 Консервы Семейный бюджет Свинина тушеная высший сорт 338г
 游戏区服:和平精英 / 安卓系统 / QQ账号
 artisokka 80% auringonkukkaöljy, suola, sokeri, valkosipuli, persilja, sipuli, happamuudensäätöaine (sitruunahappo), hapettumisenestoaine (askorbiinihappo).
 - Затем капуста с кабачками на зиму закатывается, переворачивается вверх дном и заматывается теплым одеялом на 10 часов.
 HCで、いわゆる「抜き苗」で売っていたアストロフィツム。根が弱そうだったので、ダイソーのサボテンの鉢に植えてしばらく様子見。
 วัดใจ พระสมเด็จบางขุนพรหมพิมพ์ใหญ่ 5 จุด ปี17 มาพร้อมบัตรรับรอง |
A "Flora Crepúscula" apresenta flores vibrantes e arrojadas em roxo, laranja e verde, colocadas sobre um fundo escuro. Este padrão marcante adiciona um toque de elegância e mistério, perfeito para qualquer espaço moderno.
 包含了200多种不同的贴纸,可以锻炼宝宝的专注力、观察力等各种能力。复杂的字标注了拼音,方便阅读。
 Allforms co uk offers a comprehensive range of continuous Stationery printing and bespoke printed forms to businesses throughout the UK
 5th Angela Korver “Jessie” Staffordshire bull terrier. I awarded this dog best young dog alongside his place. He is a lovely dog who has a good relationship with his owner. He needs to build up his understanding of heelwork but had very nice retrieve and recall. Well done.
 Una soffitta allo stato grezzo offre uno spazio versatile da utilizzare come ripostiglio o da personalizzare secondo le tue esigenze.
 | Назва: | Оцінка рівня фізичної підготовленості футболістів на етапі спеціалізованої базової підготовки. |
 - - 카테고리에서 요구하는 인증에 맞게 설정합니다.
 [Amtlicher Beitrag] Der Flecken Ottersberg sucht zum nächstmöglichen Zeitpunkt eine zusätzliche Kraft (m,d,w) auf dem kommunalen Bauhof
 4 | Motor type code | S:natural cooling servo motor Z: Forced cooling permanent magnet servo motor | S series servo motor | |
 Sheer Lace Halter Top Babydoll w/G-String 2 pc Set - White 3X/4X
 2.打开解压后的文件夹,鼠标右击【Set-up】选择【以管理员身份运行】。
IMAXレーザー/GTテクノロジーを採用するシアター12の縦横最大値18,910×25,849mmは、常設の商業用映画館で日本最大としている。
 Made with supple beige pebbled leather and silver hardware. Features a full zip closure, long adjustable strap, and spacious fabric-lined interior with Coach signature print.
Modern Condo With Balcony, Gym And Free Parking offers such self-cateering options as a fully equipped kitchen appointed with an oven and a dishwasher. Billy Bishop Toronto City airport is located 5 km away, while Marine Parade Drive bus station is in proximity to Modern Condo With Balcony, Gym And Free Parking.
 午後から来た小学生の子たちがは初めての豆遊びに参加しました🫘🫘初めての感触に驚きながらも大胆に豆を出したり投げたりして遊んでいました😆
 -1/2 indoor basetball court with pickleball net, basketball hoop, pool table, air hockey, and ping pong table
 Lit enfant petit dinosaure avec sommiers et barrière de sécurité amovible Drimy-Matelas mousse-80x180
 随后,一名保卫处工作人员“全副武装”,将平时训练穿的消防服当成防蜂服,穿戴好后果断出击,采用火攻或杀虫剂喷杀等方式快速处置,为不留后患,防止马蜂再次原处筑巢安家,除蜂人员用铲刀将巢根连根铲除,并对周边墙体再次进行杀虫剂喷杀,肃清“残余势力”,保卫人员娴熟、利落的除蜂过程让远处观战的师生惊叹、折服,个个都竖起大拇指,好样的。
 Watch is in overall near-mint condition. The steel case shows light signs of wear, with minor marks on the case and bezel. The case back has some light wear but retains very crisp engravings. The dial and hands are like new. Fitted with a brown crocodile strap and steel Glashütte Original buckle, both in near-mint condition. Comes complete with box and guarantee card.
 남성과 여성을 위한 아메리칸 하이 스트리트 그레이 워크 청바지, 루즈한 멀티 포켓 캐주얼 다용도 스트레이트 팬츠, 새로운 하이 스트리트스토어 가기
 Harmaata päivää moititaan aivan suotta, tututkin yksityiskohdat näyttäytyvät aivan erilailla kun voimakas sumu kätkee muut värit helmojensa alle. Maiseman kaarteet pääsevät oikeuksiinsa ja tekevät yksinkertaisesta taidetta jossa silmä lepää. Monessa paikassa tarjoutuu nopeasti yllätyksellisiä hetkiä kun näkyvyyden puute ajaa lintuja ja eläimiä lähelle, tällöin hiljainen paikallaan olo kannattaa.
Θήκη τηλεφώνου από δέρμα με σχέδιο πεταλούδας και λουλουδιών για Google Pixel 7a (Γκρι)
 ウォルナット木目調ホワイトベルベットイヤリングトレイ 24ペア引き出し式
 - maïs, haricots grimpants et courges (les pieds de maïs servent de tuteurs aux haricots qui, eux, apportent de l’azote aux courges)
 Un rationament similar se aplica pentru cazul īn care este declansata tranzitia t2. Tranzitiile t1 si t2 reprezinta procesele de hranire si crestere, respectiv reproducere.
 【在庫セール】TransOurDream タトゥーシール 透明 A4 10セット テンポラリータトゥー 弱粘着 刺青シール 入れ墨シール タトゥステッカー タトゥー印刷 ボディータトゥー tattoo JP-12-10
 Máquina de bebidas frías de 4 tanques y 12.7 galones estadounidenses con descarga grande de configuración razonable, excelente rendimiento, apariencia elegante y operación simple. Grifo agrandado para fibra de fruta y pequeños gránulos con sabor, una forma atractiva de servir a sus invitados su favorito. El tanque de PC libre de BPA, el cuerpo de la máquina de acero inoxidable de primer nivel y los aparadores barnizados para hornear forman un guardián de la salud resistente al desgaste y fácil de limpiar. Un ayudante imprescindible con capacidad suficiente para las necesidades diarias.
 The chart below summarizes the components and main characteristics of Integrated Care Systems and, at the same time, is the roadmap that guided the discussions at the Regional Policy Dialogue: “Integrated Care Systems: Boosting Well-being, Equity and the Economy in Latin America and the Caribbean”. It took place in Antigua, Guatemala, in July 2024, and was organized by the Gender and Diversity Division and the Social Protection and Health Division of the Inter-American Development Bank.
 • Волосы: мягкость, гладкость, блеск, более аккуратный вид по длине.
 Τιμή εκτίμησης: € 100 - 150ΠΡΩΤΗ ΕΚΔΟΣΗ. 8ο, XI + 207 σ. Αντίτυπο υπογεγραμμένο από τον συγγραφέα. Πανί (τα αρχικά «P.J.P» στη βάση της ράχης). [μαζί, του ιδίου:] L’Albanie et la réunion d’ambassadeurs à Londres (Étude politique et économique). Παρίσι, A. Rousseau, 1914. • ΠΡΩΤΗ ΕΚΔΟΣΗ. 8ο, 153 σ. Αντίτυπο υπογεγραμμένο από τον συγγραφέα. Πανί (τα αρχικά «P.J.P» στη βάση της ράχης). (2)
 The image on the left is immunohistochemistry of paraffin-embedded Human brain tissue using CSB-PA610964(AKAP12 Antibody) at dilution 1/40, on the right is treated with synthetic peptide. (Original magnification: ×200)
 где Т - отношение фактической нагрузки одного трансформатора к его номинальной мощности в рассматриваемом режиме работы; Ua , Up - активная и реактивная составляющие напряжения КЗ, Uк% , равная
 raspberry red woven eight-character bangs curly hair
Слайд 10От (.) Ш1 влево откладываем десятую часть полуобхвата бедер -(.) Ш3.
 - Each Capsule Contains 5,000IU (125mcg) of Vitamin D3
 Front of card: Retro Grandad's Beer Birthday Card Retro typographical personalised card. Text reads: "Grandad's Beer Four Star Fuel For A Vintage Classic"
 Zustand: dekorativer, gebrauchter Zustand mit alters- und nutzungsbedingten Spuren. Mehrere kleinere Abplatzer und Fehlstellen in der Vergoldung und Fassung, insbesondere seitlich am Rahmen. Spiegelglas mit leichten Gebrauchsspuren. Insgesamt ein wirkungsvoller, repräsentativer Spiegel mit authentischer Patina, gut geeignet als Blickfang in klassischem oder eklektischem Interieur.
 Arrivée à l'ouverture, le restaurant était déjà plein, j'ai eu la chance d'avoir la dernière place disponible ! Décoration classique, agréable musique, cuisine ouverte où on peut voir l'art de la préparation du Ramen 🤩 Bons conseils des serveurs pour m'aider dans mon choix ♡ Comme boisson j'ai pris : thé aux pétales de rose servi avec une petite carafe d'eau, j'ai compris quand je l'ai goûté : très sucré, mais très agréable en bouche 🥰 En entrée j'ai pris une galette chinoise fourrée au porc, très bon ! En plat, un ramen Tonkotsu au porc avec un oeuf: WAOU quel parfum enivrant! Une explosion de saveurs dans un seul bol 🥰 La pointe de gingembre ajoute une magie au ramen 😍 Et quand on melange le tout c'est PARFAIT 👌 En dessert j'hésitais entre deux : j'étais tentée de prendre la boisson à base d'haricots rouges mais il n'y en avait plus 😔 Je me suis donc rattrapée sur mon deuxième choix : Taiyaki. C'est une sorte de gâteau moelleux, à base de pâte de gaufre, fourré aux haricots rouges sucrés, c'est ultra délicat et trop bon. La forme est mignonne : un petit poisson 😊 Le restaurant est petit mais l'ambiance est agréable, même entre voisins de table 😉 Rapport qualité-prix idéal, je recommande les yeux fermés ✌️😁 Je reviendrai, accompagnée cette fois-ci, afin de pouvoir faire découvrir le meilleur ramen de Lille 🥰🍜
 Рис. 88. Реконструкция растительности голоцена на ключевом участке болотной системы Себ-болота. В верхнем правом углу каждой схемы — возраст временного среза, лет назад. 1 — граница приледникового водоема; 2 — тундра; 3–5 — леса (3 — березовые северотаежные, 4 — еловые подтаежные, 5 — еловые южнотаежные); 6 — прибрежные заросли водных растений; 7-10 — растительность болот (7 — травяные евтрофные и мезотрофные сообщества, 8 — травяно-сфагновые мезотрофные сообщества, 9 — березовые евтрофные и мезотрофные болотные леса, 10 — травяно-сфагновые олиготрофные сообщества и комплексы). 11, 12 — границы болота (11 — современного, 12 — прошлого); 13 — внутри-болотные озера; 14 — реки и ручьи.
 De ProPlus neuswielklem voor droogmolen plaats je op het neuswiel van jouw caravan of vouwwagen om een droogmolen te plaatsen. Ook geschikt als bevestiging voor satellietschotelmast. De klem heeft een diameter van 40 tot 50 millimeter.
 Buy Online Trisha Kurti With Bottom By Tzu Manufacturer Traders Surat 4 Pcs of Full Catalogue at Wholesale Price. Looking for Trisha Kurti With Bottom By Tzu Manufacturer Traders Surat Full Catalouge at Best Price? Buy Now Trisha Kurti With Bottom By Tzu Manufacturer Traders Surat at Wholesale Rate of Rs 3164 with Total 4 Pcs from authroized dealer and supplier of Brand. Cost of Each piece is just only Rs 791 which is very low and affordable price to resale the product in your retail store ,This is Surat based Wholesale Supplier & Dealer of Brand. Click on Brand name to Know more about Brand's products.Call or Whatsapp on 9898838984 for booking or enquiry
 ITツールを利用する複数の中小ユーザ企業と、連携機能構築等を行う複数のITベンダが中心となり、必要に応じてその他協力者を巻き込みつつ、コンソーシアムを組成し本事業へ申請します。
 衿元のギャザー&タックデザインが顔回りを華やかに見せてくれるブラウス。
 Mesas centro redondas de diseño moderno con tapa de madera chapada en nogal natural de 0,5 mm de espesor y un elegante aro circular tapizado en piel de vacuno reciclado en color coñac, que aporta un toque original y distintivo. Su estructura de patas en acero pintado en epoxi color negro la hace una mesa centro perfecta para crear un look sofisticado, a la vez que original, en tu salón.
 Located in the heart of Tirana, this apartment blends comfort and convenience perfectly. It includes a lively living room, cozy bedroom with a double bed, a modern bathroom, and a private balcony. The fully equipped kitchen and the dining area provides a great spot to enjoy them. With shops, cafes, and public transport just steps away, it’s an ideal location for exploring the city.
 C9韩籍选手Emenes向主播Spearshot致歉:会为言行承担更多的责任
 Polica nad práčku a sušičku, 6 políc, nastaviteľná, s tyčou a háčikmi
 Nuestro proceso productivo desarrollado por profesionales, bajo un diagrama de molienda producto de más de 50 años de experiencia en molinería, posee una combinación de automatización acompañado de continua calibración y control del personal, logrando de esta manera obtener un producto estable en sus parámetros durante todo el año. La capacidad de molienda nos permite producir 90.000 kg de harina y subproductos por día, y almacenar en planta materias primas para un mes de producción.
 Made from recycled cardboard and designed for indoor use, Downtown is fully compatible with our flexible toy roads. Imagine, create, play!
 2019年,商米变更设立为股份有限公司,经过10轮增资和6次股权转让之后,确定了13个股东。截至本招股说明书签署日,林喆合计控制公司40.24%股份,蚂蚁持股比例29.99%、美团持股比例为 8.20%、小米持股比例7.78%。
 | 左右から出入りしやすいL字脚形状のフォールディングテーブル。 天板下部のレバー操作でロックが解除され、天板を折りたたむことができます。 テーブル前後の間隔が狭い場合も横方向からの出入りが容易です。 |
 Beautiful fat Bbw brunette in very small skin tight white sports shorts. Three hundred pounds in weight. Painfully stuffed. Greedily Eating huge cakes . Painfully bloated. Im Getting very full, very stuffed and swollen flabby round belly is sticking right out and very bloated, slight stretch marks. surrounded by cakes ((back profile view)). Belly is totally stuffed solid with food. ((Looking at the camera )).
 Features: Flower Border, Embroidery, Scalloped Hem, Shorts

◆ **ACTIVITY**: Precisely the lines between those holding "raspberry red woven" and "Zustand: dekorativer, gebrauchter", inclusive, are to be reproduced from the listing above, with nothing added.

◆ **ANSWER FOR THE TASK**:
 raspberry red woven eight-character bangs curly hair
Слайд 10От (.) Ш1 влево откладываем десятую часть полуобхвата бедер -(.) Ш3.
 - Each Capsule Contains 5,000IU (125mcg) of Vitamin D3
 Front of card: Retro Grandad's Beer Birthday Card Retro typographical personalised card. Text reads: "Grandad's Beer Four Star Fuel For A Vintage Classic"
 Zustand: dekorativer, gebrauchter Zustand mit alters- und nutzungsbedingten Spuren. Mehrere kleinere Abplatzer und Fehlstellen in der Vergoldung und Fassung, insbesondere seitlich am Rahmen. Spiegelglas mit leichten Gebrauchsspuren. Insgesamt ein wirkungsvoller, repräsentativer Spiegel mit authentischer Patina, gut geeignet als Blickfang in klassischem oder eklektischem Interieur.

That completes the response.